神根島から戻る途中にライより渡された紙に書いてあった日時と座標が今日のこの廃工場だったのだ。罠かも知れないし、もし呼び出しにしても澤崎の件で来ない可能性だってある。が、オデュッセウスのことを調べていくとエリア11に来る前は中華連邦に滞在しており、その時の繋がりで今回の澤崎の行動を知っていた可能性がある。ありえない事かも知れないがあの兄上なら有り得る。
『ゼロ。俺だ』
「扇か。どうした?」
『そっちに近付いている奴が居る。捕縛するか?』
「いや、私の予想通りならその必要もないだろう」
『じゃあ…』
「通せ。周辺の警戒を厳にしてくれ」
ゼロは立ち上がって入り口を見つめる。
この廃工場付近は黒の騎士団団員を伏せており、何があっても動けるようにしている。撤退ルートも準備し、先に罠がないかも確認済み。ナイトメアが攻めて来ても藤堂と四聖剣の月下も隠れて待機している。

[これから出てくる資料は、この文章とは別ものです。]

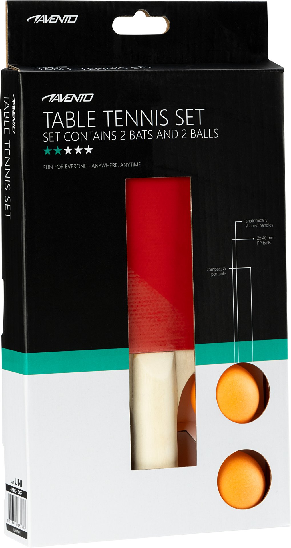Beat your friends around the table with the Avento table tennis set. The ping-pong set is perfect for both at home and on vacation. The versatile table tennis bats in this set are made of five layers of wood. This ensures that the bats are extremely sturdy and can take a beating. The ping-pong bats have an atomically-shaped handles for a good grip, so you can easily go from the forehand to the backhand while playing. The blade of the bats has a rubber top and bottom layer, for good control of the ball. This set comes with two bats and two ping pong balls. The ping pong balls have a diameter of 40 mm and they have a good visibility because of their bright orange colour. For instance when you are playing on a blue table tennis table.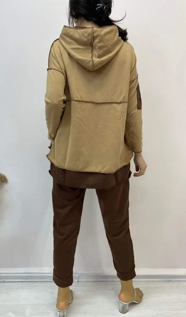 Женский кофейный костюм-двойка с капюшоном, деталями отделки по низу и нашивкой – это вариант, сочетающий в себе элегантность и комфорт и привлекающий внимание своим уникальным дизайном. Этот костюм, который будет сопровождать вас в повседневной жизни или в особые моменты, является одним из предметов, которые обязательно должны быть в гардеробе современной и стильной женщины. Размер M/38 на модели показывает, насколько хорошо пропорции и крой костюма сидят на фигуре. Это способствует общему виду костюма и комфорту того, кто его носит.Этот костюм-двойка выполнен в теплых и естественных тонах кофейного цвета, а верх с капюшоном и детали отделки по низу придают ему другую атмосферу. Дизайн с капюшоном не только придает спортивный вид, но и обеспечивает практичное использование благодаря своей способности защищать голову в прохладную погоду. Детали отделки по низу придают костюму движение и оригинальность, позволяя вам выделиться из толпы. Деталь с нашивкой придает костюму индивидуальность, помогая подчеркнуть ваш стиль.Одной из важнейших особенностей костюма является его удобство. Благодаря ткани, обеспечивающей комфорт в течение всего дня, ваша свобода движений не ограничена. Вы можете с комфортом носить этот костюм, отдыхая дома, встречаясь с друзьями или выполняя свои повседневные дела. Верх с длинными рукавами и брючный костюм делают его идеальным выбором в межсезонье и в прохладную погоду.Этот костюм, разработанный с учетом размеров модели (рост: 165, вес: 55, грудь: 90, талия: 72, бедра: 100), скроен таким образом, чтобы соответствовать различным типам фигуры. Размер M/38 обычно считается средним, и это идеальный выбор для женщин с такими параметрами. Однако, чтобы костюм сидел на вас наилучшим образом, важно выбрать правильный размер, учитывая свои собственные параметры.Женский кофейный костюм-двойка с капюшоном, деталями отделки по низу и нашивкой не только стильный и удобный, но и обеспечивает универсальное использование. Вы можете создавать разные стили, комбинируя верхнюю и нижнюю части отдельно. Например, вы можете добиться более спортивного вида, комбинируя верх с джинсами или юбкой, или создать более классический стиль, комбинируя низ со стильной блузкой или свитером. Таким образом, вы можете легко сочетать его с другими предметами в своем гардеробе и создавать различные комбинации.Этот костюм – кандидат на то, чтобы стать незаменимой частью вашего гардероба. Это вариант, который понравится каждой женщине благодаря своей элегантности, комфорту и универсальности. Вы можете выбрать женский кофейный костюм-двойку с капюшоном, деталями отделки по низу и нашивкой, чтобы чувствовать себя особенной и стильной. Помните, что правильный выбор одежды не только улучшает вашу внешность, но и повышает вашу уверенность в себе. Этот костюм заставит вас чувствовать себя хорошо во всех отношениях и поможет наилучшим образом отразить ваш стиль.

暗闇の中をひとりの男性が現れた。最初は暗くて誰か識別できなかったが雲から顔を覗かせた月の光がその者を照らした。
「ほう!遣いが来るとは思っていたがまさか貴方が来るとは…
神聖ブリタニア帝国第一皇子、オデュッセウス・ウ・ブリタニア」
月明かりに照らされたオデュッセウスは片手を挙げながら微笑んでいた。